From: Markus Schöpflin (markus.schoepflin_at_[hidden])
Date: 2007-11-09 09:30:36


Peter Dimov wrote:
> Markus Schöpflin:
>> Ion Gaztañaga wrote:
>>> Markus Schöpflin escribió:
>
>>>> 1) Currently it is not specified whether an atomic operation implies a
>>>> memory barrier or not. This should be explicitly stated.
>>> They should imply a barrier. Since this was an internal header, I
>>> haven't documented anything. Now that people is contributing, at least,
>>> I should add a comment to the header.
>> OK, I need to add memory barriers to the code then.
>
> You need to know what kind of memory synchronization is implied. Acquire for
> atomic load, release for atomic store and acquire+release is a reasonably
> safe bet in situations such as this one where the author isn't quite sure.
> :-)
>
> Last I looked at the various implementations, most of the routines did not
> provide these guarantees, though.
>
> Your use of volatile is also a bit suspect. Volatile operations may be
> atomic without implying an acquire (release) constraint, both for the
> hardware and for the compiler.
>
> On Alpha, you'll probably need to add a memory barrier after the loads, a
> memory barrier before the stores, and one before and one after the
> read/modify/write operations. This would require that the compiler is smart
> enough to recognize the barrier and not move code across.
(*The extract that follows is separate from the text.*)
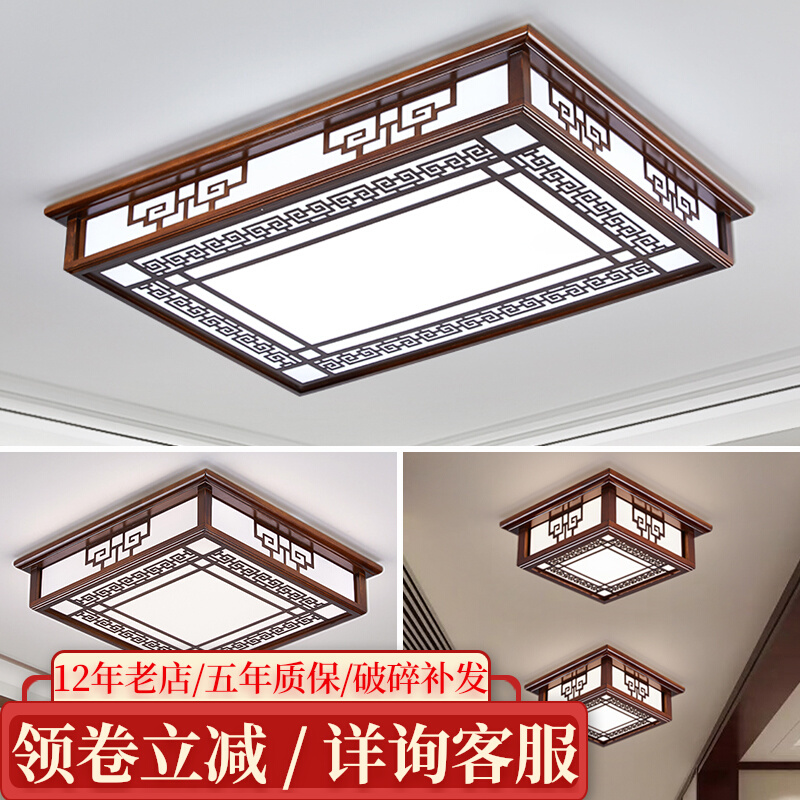 胡桃木色吸顶灯新中式简约书房卧室灯超薄阳台镂空长方形客餐厅灯

OK, I finally got around to add memory barriers to the atomic primitives on
Alpha. The corresponding check-in can be found here:
http://svn.boost.org/trac/boost/changeset/40967

I hope I got the acquire/release things sorted out correctly. Ion, could
you perhaps check if the semantics now match the intended usage?

BTW, I added a copyright note to the top of the file, IIUC I'm required to
do this. If not, feel free to remove it again.